Gimió suavemente como para asentir, y ella sonrió de nuevo.
Buscó los restos de un tatuaje en la oreja, inspeccionó el interior de sus muslos. No encontró ninguno. Él se acostó a sus pies y esperó jadeando. Ella comprendió que tenía sed. Le mostró con el dedo el agua del lago, después sintió vergüenza. Lo que él quería era una buena escudilla de agua clara. Miró la hora. Iba a llegar tarde. Se levantó bruscamente y él la siguió. Trotaba a su lado. Alto y negro. A su memoria vinieron los versos de Cuvelier:
Creo que no hubo nadie tan feo desde Rennes hasta Dinan
Era negro y achatado, macizo y contrahecho
El padre y la madre le detestaban tanto
Que a menudo en su corazón deseaban
Que fuese muerto o ahogado en el agua corriente.
La gente se apartaba para dejarles pasar.
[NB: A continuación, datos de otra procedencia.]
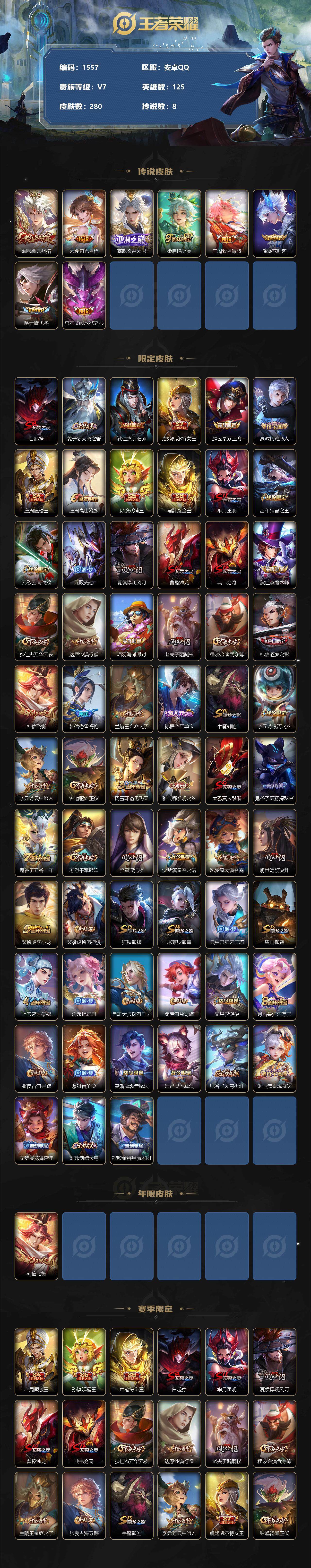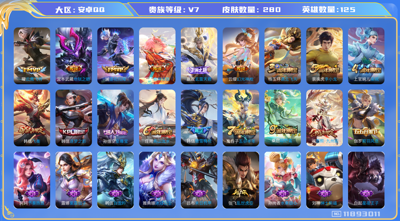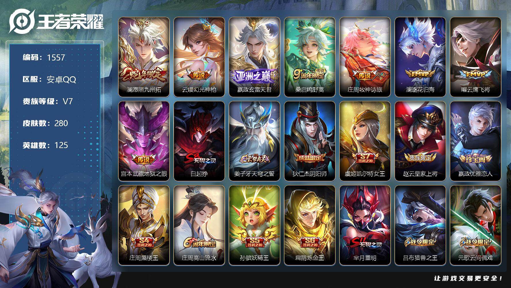[11893011]【商品标题】:安卓Q-V7-最强王者段位-125英雄-280皮肤-0典藏-0珍品无双-0无双-0珍品传说-8传说-65史诗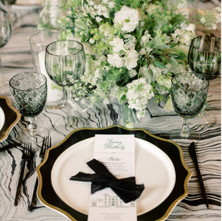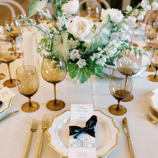 The table setting in the light room was a stunning mix of white and shades of green green. There was a full gold place setting, and the wine glasses were a deep, burnt amber color.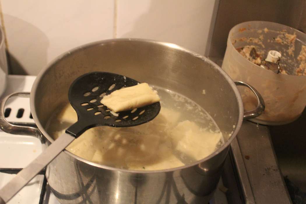 Wenn die Ravioli aufsteigen, sind sie gar und können mit dem Schaumlöffel aus dem Wasser gehoben werden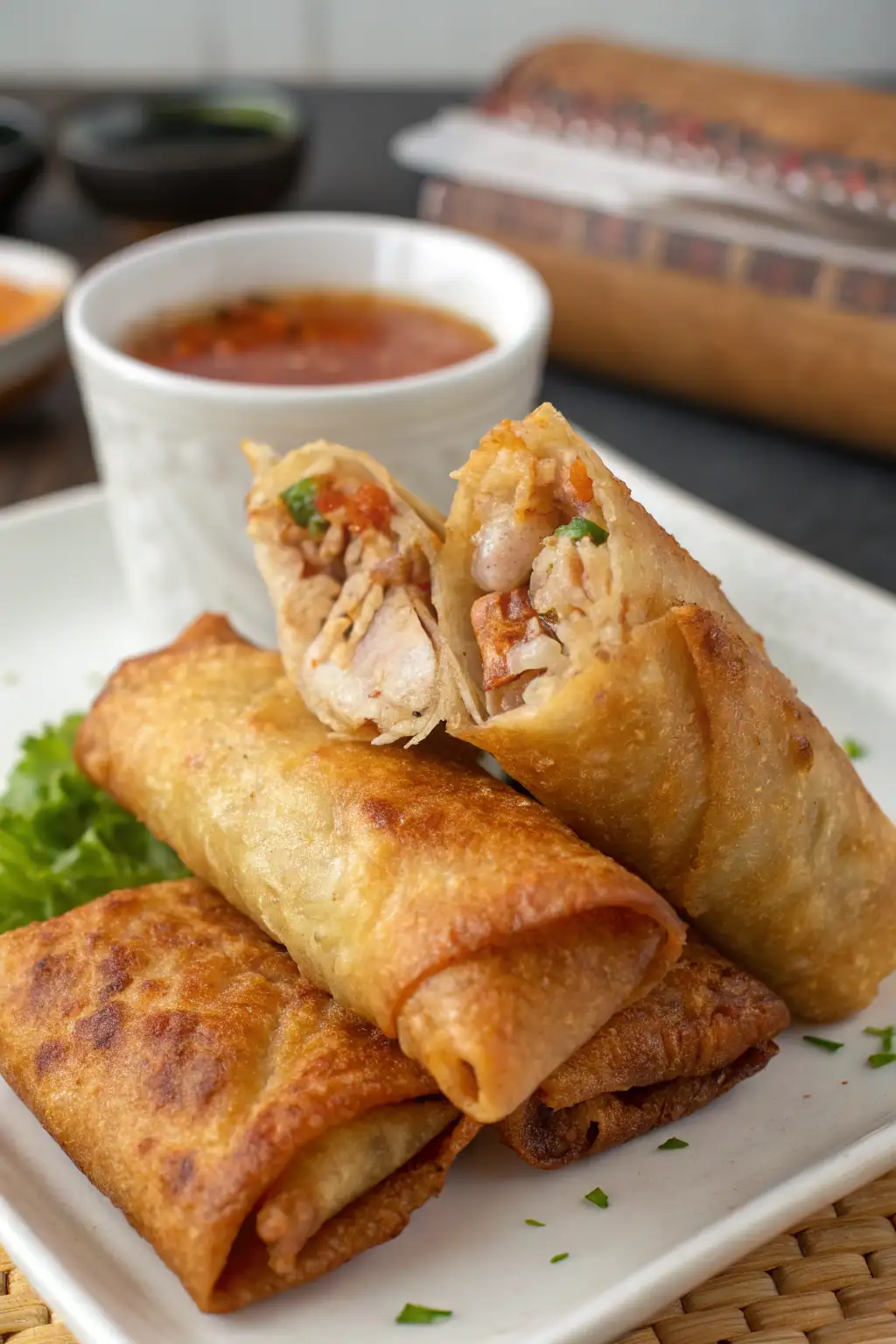 Suggestion 1: Serve with a side of steamed jasmine rice for a complete meal. The fragrant rice pairs well with the savory spring rolls, creating a balanced dish.

Joséphine sintió ganas de reír.
– ¿Has visto, Du Guesclin? ¡Das miedo a la gente!
Se detuvo, le miró y gimió:
– ¿Qué voy a hacer contigo?
Él se balanceaba sobre sus ancas como para decirle venga, deja de pensártelo, llévame. Le suplicaba con su ojo bueno del color del ron viejo, y parecía esperar su asentimiento. Ojo con ojo, se analizaban. El esperaba, confiado, ella calculaba, dubitativa.
– ¿Quién te cuidará cuando yo vaya a trabajar a la biblioteca? ¿Y si ladras o empiezas a aullar? ¿Qué dirá la señorita de Bassonnière?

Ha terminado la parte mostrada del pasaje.